Recorded data —
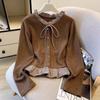 2025 Women's Plaid Patchwork Ruffle Knit Top with Lace-up Collar and Long Sleeves
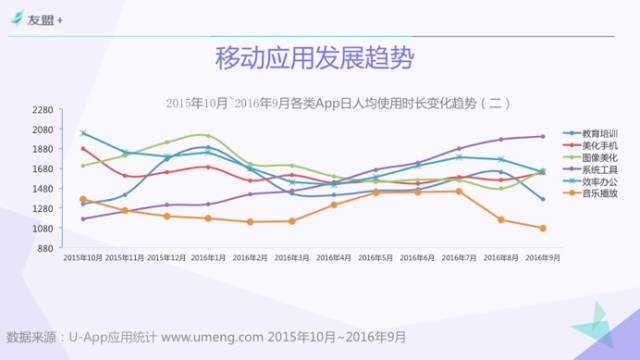 Ø 系统工具类App用户日均使用时长呈现不断增长趋势;
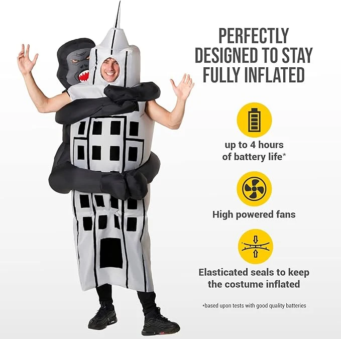 Il costume include: Costume gonfiabile con ventola ad aria incorporata (batterie x 4 AA richieste e non incluse).Il costume è in taglia: Adulti.Materiali di alta qualità, facile da indossare e resistente. Usare le istruzioni per gonfiare.La nostra Azienda è stata fondata nel 2009 da 3 amici appassionati di costumi. Abbiamo uffici in USA, UK ed Europa con centinaia di design che rispettano il massimo degli standard di qualità.

Exercise — Every word of the data should be reproduced exactly; please omit any pictures.

Response for this exercise —
 2025 Women's Plaid Patchwork Ruffle Knit Top with Lace-up Collar and Long Sleeves
 Ø 系统工具类App用户日均使用时长呈现不断增长趋势;
 Il costume include: Costume gonfiabile con ventola ad aria incorporata (batterie x 4 AA richieste e non incluse).Il costume è in taglia: Adulti.Materiali di alta qualità, facile da indossare e resistente. Usare le istruzioni per gonfiare.La nostra Azienda è stata fondata nel 2009 da 3 amici appassionati di costumi. Abbiamo uffici in USA, UK ed Europa con centinaia di design che rispettano il massimo degli standard di qualità.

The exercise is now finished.